**What to produce**
The expected output is an exact copy of the lines from the one containing "관리이전 공고문.jpg |" to the final line below, minus any pictures.

**Data**

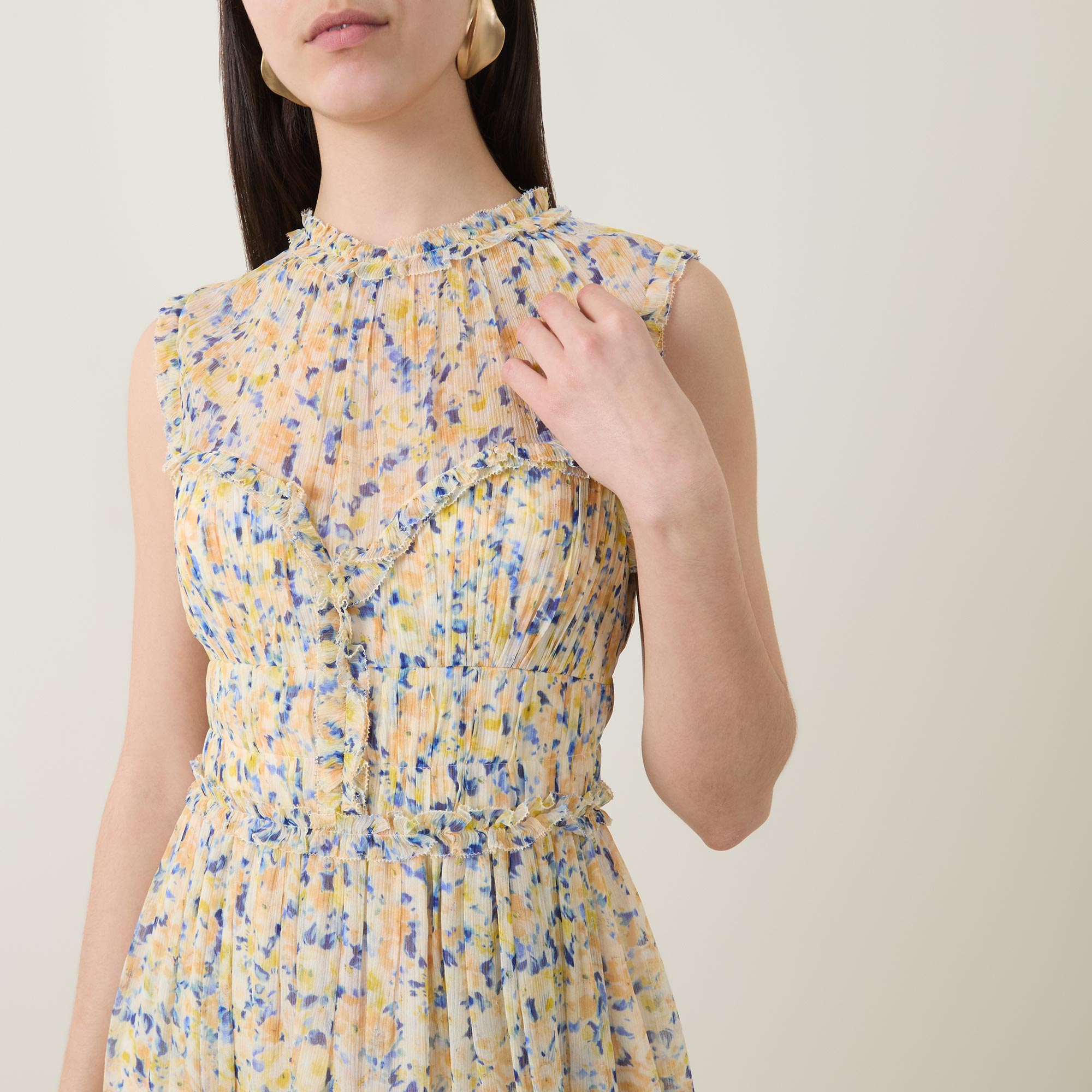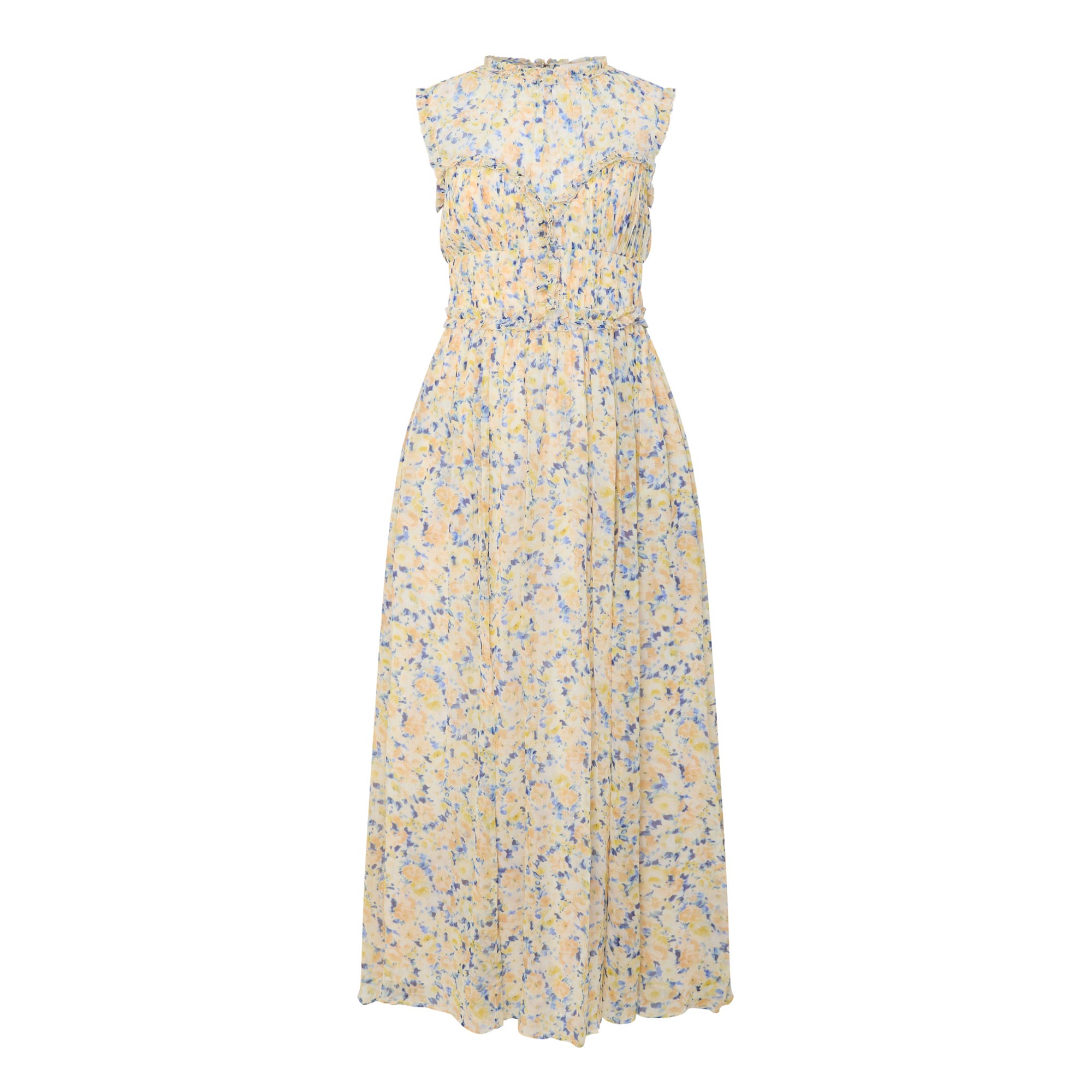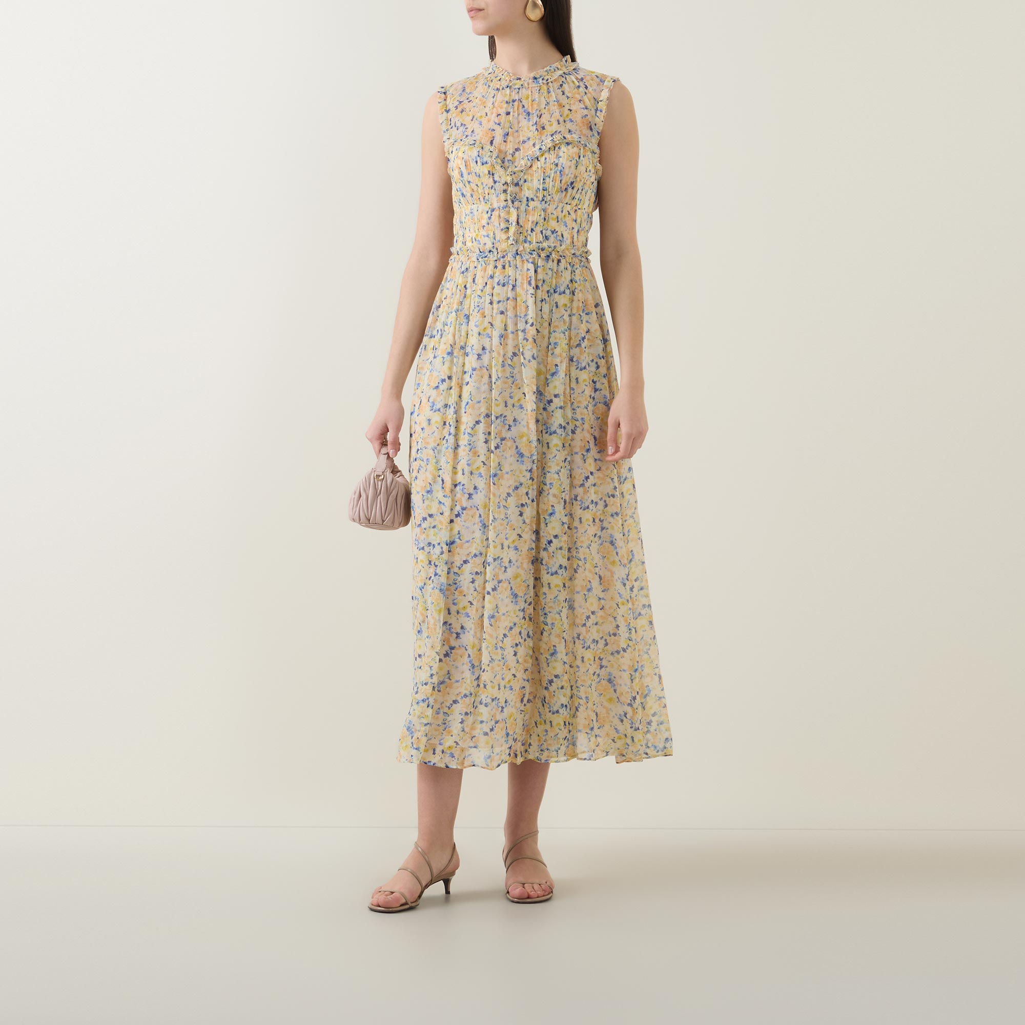 - Sleeveless, round neck, elasticated back waist, concealed zip back fastening, midi length, floral print, wispy ruffle detail
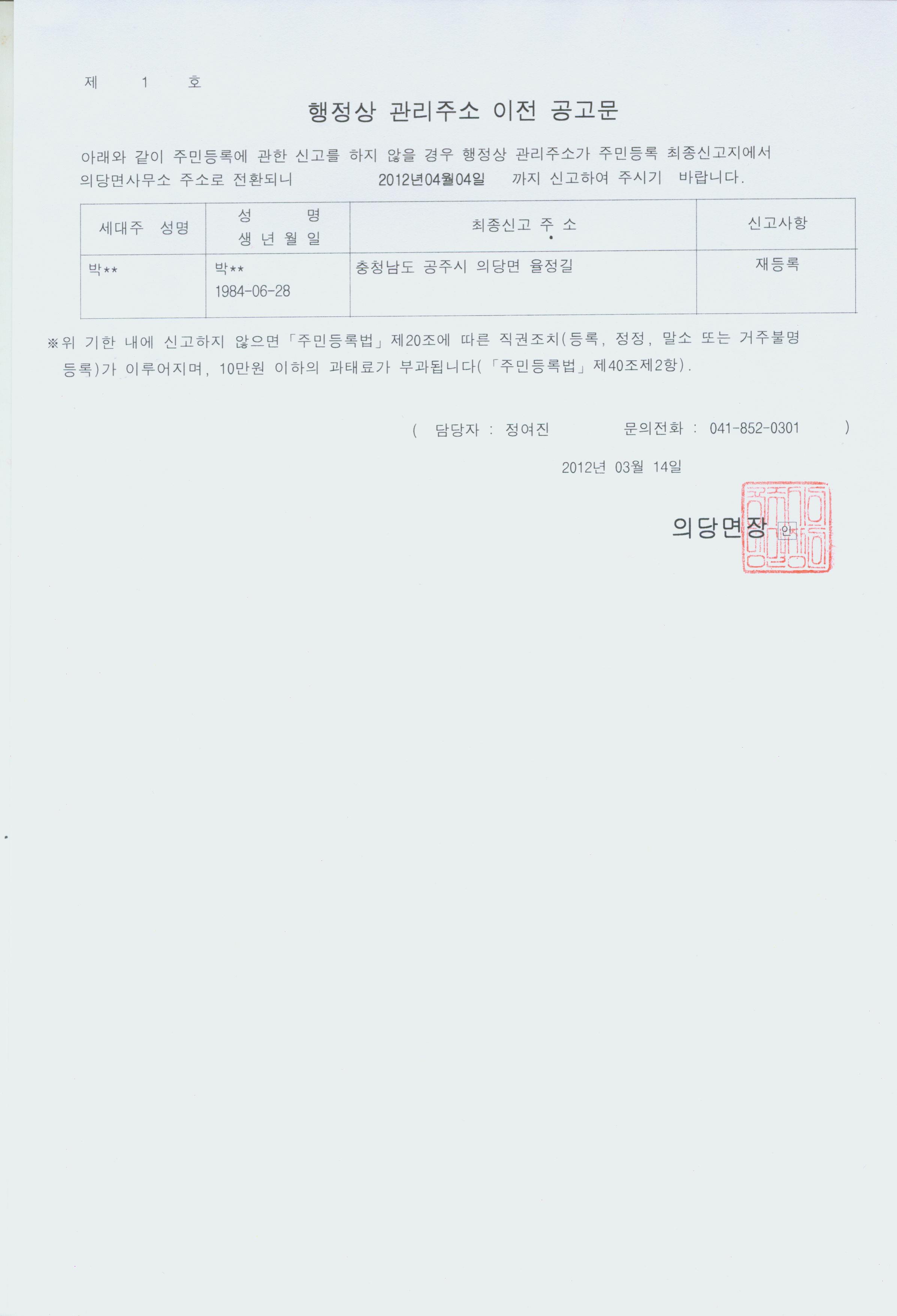 | 98 | 거주불명등록자 행정상 관리주소 이전 1차 공고 | 관리자 | 895 | 2012-03-14 | 행정상 관리이전 공고문.jpg |
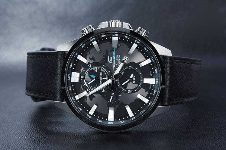 Часы CASIO EFR-303D-1A - мужские элегантные наручные часы из серии Casio Edifice. Круглый корпус, выполненный из стали, защищен минеральным стеклом, устойчивым к царапинам. Часы удерживаются на руке браслетом из высокопрочной стали с антикоррозийными свойствами. Многофункциональный кварцевый механизм, отображение второго часового пояса. Выступы на корпусе защищают переводную коронку. Люминисцентная подсветка стрелок и часовых меток.

**Result for this task**
 | 98 | 거주불명등록자 행정상 관리주소 이전 1차 공고 | 관리자 | 895 | 2012-03-14 | 행정상 관리이전 공고문.jpg |
 Часы CASIO EFR-303D-1A - мужские элегантные наручные часы из серии Casio Edifice. Круглый корпус, выполненный из стали, защищен минеральным стеклом, устойчивым к царапинам. Часы удерживаются на руке браслетом из высокопрочной стали с антикоррозийными свойствами. Многофункциональный кварцевый механизм, отображение второго часового пояса. Выступы на корпусе защищают переводную коронку. Люминисцентная подсветка стрелок и часовых меток.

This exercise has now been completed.